**Data shown**
::::::::::

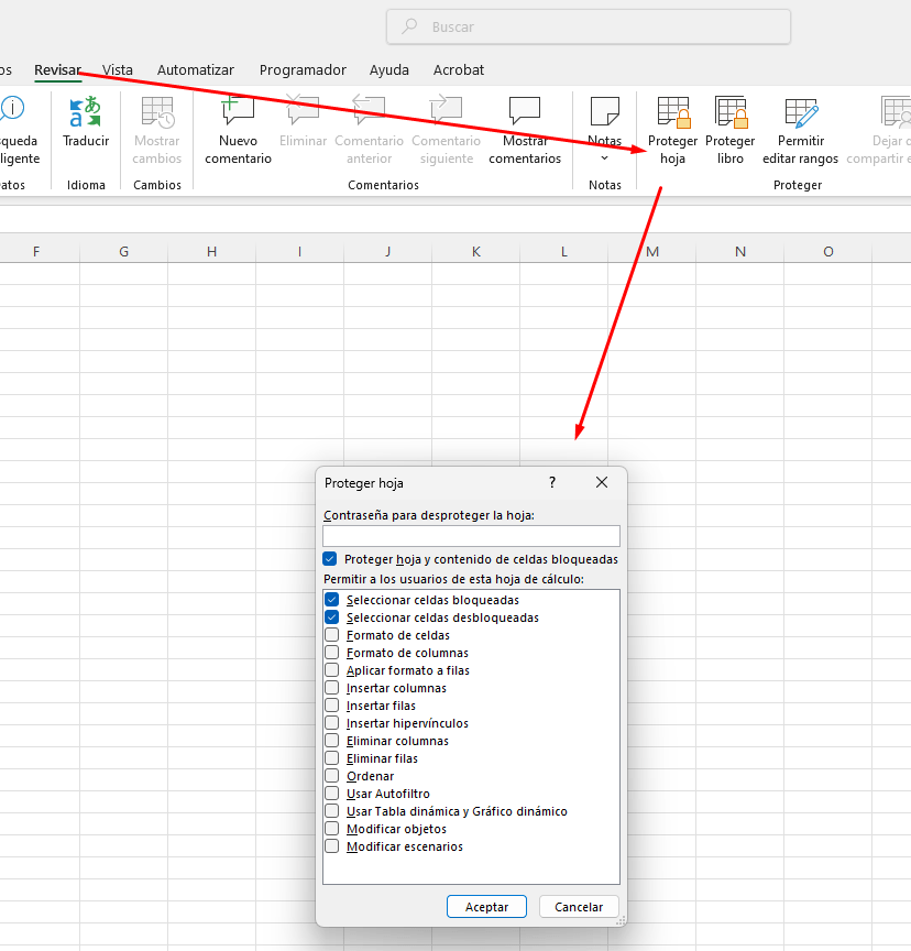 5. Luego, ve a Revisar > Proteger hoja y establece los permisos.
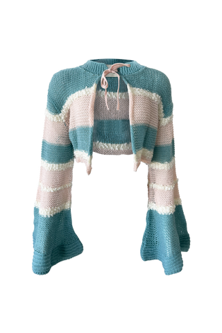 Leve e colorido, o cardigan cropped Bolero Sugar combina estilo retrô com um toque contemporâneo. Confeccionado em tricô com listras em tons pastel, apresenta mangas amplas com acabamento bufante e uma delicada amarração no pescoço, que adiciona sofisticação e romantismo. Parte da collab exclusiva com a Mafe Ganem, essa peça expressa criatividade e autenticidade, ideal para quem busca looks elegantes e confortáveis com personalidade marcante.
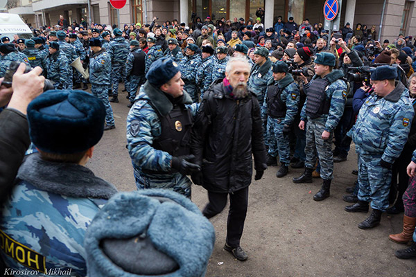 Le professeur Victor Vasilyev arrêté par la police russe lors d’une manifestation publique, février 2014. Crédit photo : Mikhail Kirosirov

::::::::::

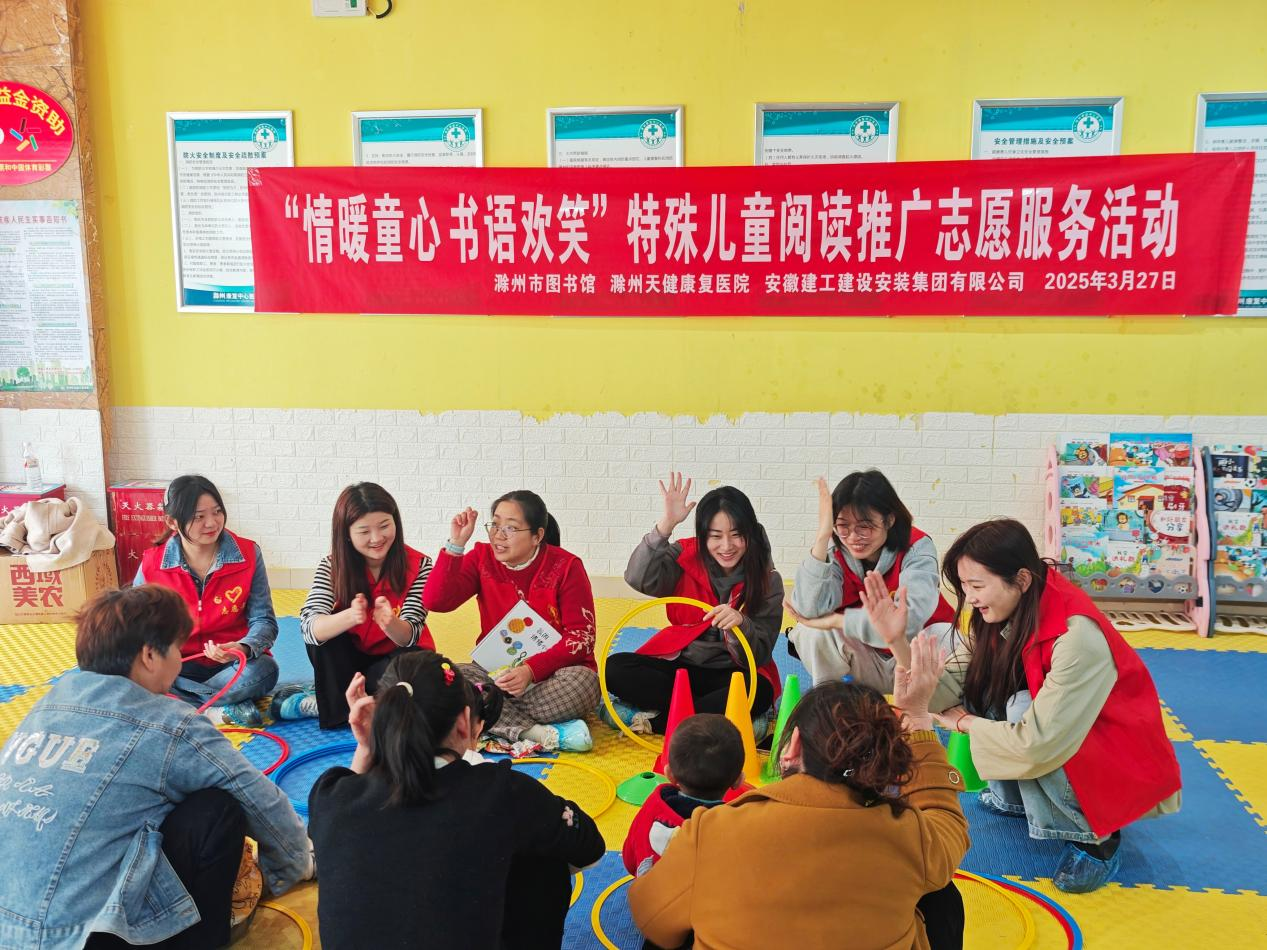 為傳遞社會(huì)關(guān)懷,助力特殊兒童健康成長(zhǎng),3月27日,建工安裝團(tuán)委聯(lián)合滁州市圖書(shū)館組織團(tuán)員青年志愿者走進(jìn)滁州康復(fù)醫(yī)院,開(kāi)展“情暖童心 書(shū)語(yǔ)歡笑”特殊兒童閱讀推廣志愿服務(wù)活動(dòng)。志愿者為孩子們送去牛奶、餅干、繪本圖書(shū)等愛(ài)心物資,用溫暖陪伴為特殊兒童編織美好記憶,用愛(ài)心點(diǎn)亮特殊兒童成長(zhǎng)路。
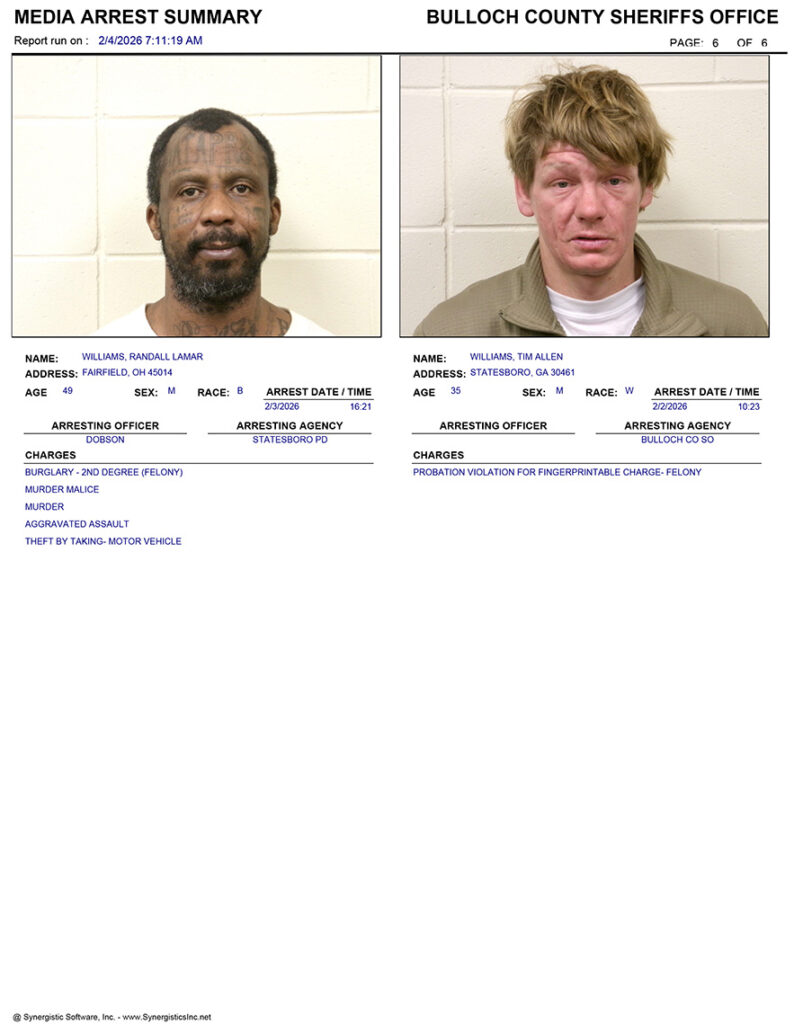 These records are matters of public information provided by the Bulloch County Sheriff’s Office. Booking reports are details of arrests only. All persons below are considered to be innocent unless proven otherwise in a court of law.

::::::::::

**Work item**
Within the listing above, the stretch from the line with "5. Luego, ve" down to the line with "Le professeur Victor" is to be given again exactly, end lines included and pictures excluded.

**Task output**
 5. Luego, ve a Revisar > Proteger hoja y establece los permisos.
 Leve e colorido, o cardigan cropped Bolero Sugar combina estilo retrô com um toque contemporâneo. Confeccionado em tricô com listras em tons pastel, apresenta mangas amplas com acabamento bufante e uma delicada amarração no pescoço, que adiciona sofisticação e romantismo. Parte da collab exclusiva com a Mafe Ganem, essa peça expressa criatividade e autenticidade, ideal para quem busca looks elegantes e confortáveis com personalidade marcante.
 Le professeur Victor Vasilyev arrêté par la police russe lors d’une manifestation publique, février 2014. Crédit photo : Mikhail Kirosirov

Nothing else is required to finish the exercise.